Data below:
======
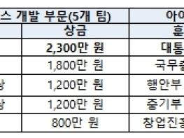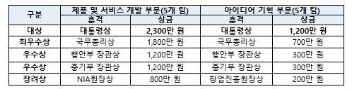 한편, 지난해에는 수출입 화물 실시간 추적 서비스 ‘쉬핑노트(Shipping Note)’를 개발한 관세청의 ‘지비티에스’팀과 산림양묘 병해충 예측 방제 정보제공 서비스인 ’시들링(seedling)’을 개발한 산림청의 ‘애프터레인’팀이 각각 대통령상을 수상했다.
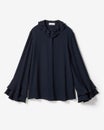 • ドレープアセテート・フリルブラウス 詳細画像 ネイビー 1
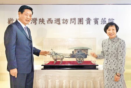 陜西省代省長趙正永(左)一行人15日在臺北故宮博物院院長周功鑫(右)陪同下參觀臺北故宮,趙正永贈送周功鑫“西安秦始皇陵二號銅車馬”4分之1比例復制品!碓矗号_灣《中國時報》
======
What is needed here is an exact repetition of the listing above, pictures excluded.

 한편, 지난해에는 수출입 화물 실시간 추적 서비스 ‘쉬핑노트(Shipping Note)’를 개발한 관세청의 ‘지비티에스’팀과 산림양묘 병해충 예측 방제 정보제공 서비스인 ’시들링(seedling)’을 개발한 산림청의 ‘애프터레인’팀이 각각 대통령상을 수상했다.
 • ドレープアセテート・フリルブラウス 詳細画像 ネイビー 1
 陜西省代省長趙正永(左)一行人15日在臺北故宮博物院院長周功鑫(右)陪同下參觀臺北故宮,趙正永贈送周功鑫“西安秦始皇陵二號銅車馬”4分之1比例復制品!碓矗号_灣《中國時報》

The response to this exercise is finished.